My understanding is that the video tag will support whatever codecs are already on a user's system anyway, or at least those codecs shoehorned into GStreamer, DirectShow or the crApple multimedia layer (don't care/can't remember the name atm). Is this still going to be the case? Perhaps this point is getting lost?
Sure distributing a codec with Firefox gives that codec more support than codecs the user must install however it's only a leg-up, it's not the be-all and end-all. User's can still install (GStreamer, DirectShow) codecs of their choice that will be supported by Firefox, can't they?
Robert O'Callahan
People are working on GStreamer/DirectShow/Quicktime integration but it's lower priority than the Ogg work and may or may not be enabled for Firefox 3.1.
Diracinfo
@AjitK: Actually Dirac doesn't have enormous processing requirements as will be seen with its forthcoming inclusion in VLC Player.
John Dowdell
re: Dirac, Erik Huggers of BBC had some mention of it today:
"Some people may ask: why are you not using your own Dirac codec? I am fully committed to the development and success of Dirac, but for now those efforts are focused on high-end broadcast applications. This autumn, we intend to show the world what can be achieved with these technologies."

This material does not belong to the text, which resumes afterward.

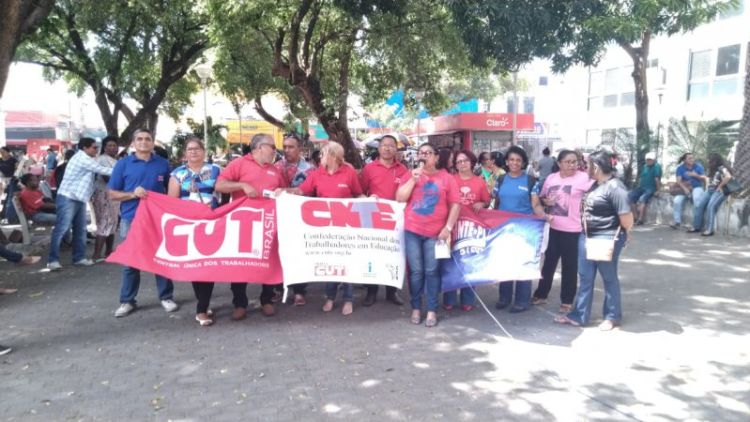 Os trabalhadores em educação básica que compõem a direção do Sinte-PI reaçizaram na manhã da última sexta-feira (20/09) um Ato Público e uma panfletagem na Praça Rio Branco contra a destruição do Brasil, defendendo o clima e em homenagem aos 98 anos do patronod a educação brasileira.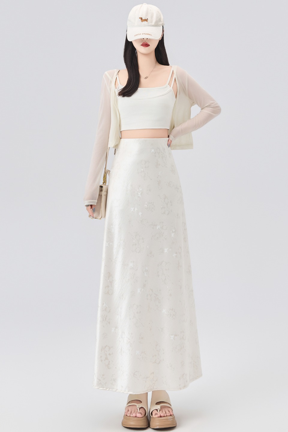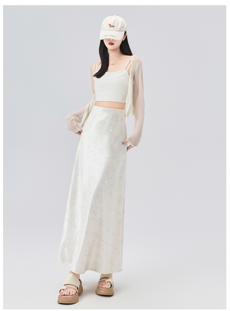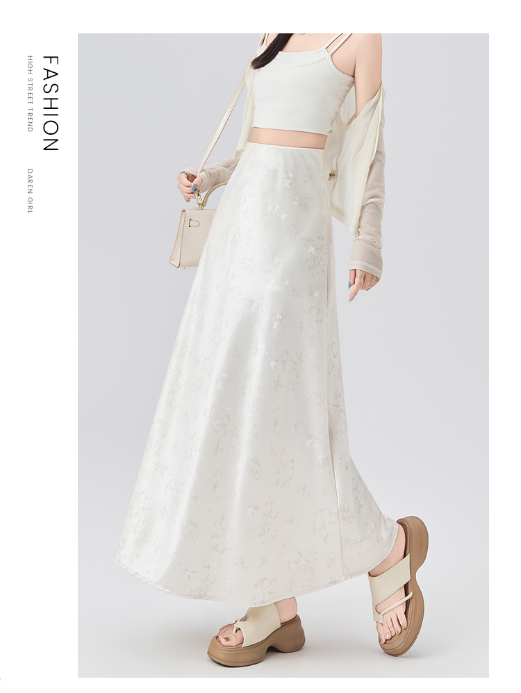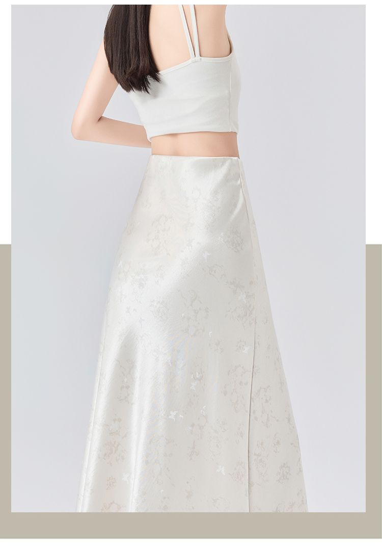 실사 2026 봄 여름 새로운 미니멀리즘 작은 대중 디자인 품격 화이트 꽃밭 중간 길이 반신 스커트 꽃밭 반 스커트

http://www.bbc.co.uk/blogs/bbcinternet/2008/08/open_industry_standards_for_au.html
jd/adobe
Donovan
VLC supports decoding Dirac video via the schroedinger library as of 29th June 2008.
http://diracvideo.org/wiki/index.php/Schroedinger_and_VLC
Josh Cogliati
MPEG-1 Video with Layer 1 or 2 Audio is patent unencumbered so far as I know. At least, I have not been able to find any place online that lists any unexpired patents required to implement it (including the ISO patent database). Since the near complete draft standard was published in 1991, if there are any patents they should be close to expiring. Click my name for more details.
Wallace Jackson
YES! Now if we can just get momentum behind OGG MNG we will have open source new media that Mind Taffy Design can deliver via HTML5 to our internetional brand clientele. Will OGG support i3D as well? Will FireFox 3.6 include native O3D rendering pipelines? WJ.
dragonbite
Go Mozilla, Go! It's about time companies start standing up for higher standards around here, and sticking to a moral compass unlike the suspected greed that caused the economy into its current situation.
I just read about it and think that now is the best time for Mozilla to go for it. Firefox has a large enough userbase to make a difference and while some will decide to switch to Chrome or something else there is still time for them to be educated as to what they are moving from and moving to.
Especially with the world going more web (cloud) focus, openness needs to be pushed NOW!
I applaud Mozilla.
Anonymous
Are you KIDDING us? First of Firefox is a horrible browser that requires us to waste countless hours clubbing it to work. Secondly you don't have 100m users. 100 million downloads does not = users. When was the last time you saw ANYONE use Ogg Video? Never! That's when. FF upgrades break sites. Adopt mp4 and be DONE with it!